How to change the schema¶
How-to — evolve the XSD and propagate the change through the schema-driven pipeline.
The schema is the single source of truth, so changing it is a configuration change, not a redesign: models, validation, bindings and the schema docs all regenerate from it.
There are two schemas, regenerated together by make generate: schema/acoustic_dataset.xsd
(the output dataset) and schema/calculation_input.xsd (the calculation parameters). They are
different shapes — the builder expands the input parameters into the output dataset — so an
output change usually means touching the output schema, the builder, and possibly the input
schema if a new parameter is needed.
Steps¶
-
Edit the schema(s). Change
schema/acoustic_dataset.xsdand/orschema/calculation_input.xsd(the contracts). When you add or rename a type/element, put its definition prose inxs:annotation/xs:documentationso it rides through to the generated model docstrings and the schema reference. -
Regenerate the models.
Runsmake generatexsdataover both schemas and rewritessrc/acoustic_dataset/models/(output) andsrc/acoustic_dataset/input_models/(input). Do not hand-edit the result — it's a generated artifact (ADR 0008). Generation is pinned to the 3.9 toolchain so the output is byte-reproducible for the drift gate. -
Regenerate the schema reference.
Produces the HTML reference from the schema via xs3p (ADR 0011).make gen-schema-docs -
Update the builder.
src/acoustic_dataset/build.pyis the one place that knows element names — update it for any added/renamed/retyped fields. Generation code does not change. -
Update the example and golden file.
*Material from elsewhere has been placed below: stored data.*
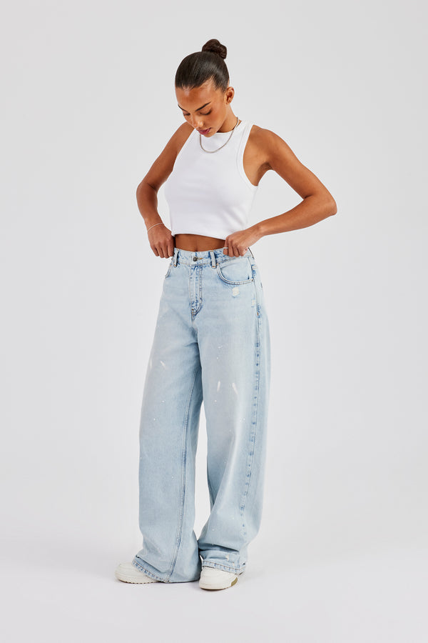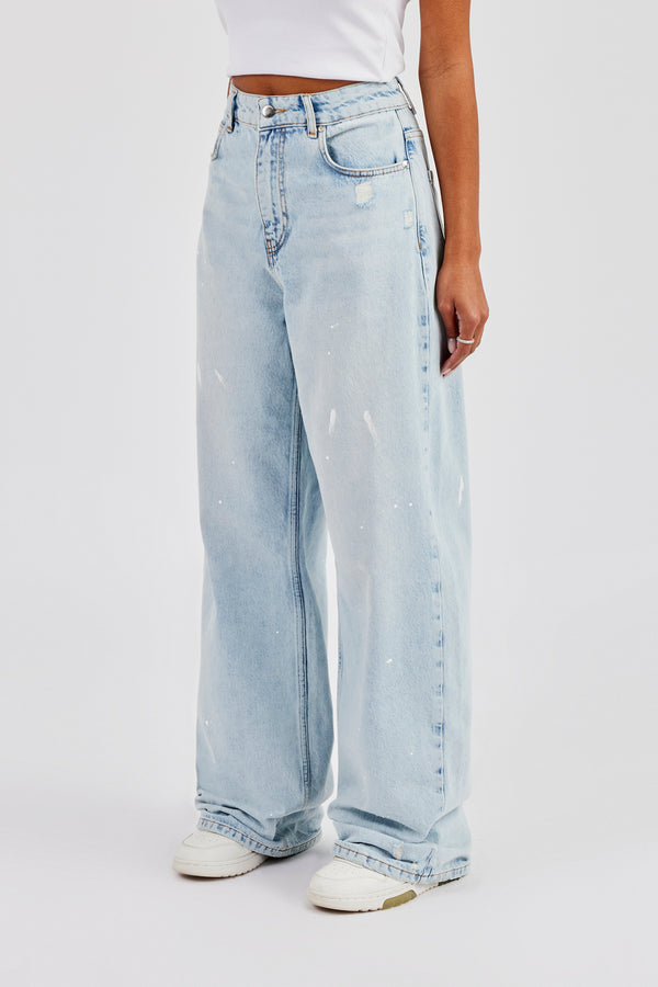 Distressed Paint Splatter Jean - Ice Blue
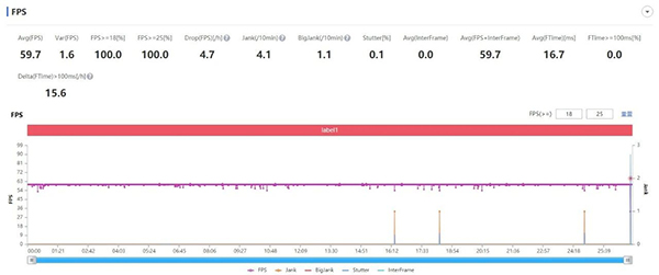 游戲?qū)崪y(cè)下來(lái),王者榮耀、和平精英、王牌戰(zhàn)士等主流游戲都能保持60fps滿幀運(yùn)行,用PerfDog監(jiān)控可以看到,在近半小時(shí)的游戲中,全程都保持著穩(wěn)定的輸出,幾乎沒(méi)有波動(dòng)(圖為和平精英測(cè)試數(shù)據(jù)),表現(xiàn)非常穩(wěn)定。
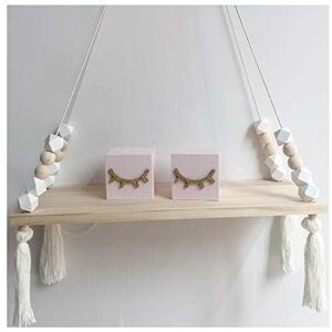 Pine tassel hanging floating shelf Wooden board: length: 38cm, width: 14cm, thickness: 1cm Length of the tassel: 15cm String length: about 55cm Item weight: about 0.68lbs Support weight: 22lbs< /li> Package includes: 1PCS x Pompom Pine Wood Hanging Floating Shelf 1PCS x Wooden Hook (so you can use this hanging shelf right away) Package not include any accessory shown on shelf in image. Perfect for decorating your kitchen, dining room, living room, bedroom, apartment, dorm room, kids room or office , etc Premium Material: The wall hanging rope shelf is made of natural New Zealand pine wood. Finished with a natural texture, smooth and non-scarred surface, with pine frankincense, adding a natural and comfortable feeling Unique design: matched with a tassel and colorful beads, perfect for displaying a photo frame, collectibles, books and your favorite items. Ideal for decorating your kitchen, dining room, living room, bedroom, apartment, dorm, office, etc. Installation: The hanging shelf

Adjust
examples/calculation_input.xml(it must stay valid againstschema/calculation_input.xsd), then refresh the golden file if the new output is intended:Review the golden diff deliberately — it's the semantic gate.make pipeline # writes build/acoustic_dataset.xml cp build/acoustic_dataset.xml tests/golden/acoustic_dataset.xml -
Re-run the gates.
make verify # lint + type-check + tests + drift gate make pipeline # end-to-end: map -> serialise -> validate -> round-trip
Guard against schema-valid-but-different¶
If you have a known-good file from a prior process (e.g. one of the consumer's trial
files), drop it in examples/reference/ and compare:
make pipeline
python -m acoustic_dataset.cli compare build/acoustic_dataset.xml examples/reference/<file>.xml
A clean match exits 0; a meaningful difference prints a diff and exits non-zero — catching output that is schema-valid but differs from what a consumer depends on (ADR 0004).
What you should not touch¶
- Generated models (
src/acoustic_dataset/models/,src/acoustic_dataset/input_models/) — regenerate instead. - Generated HTML schema reference under
reference/schema/— regenerate instead. - The generation code — it's schema-agnostic by design.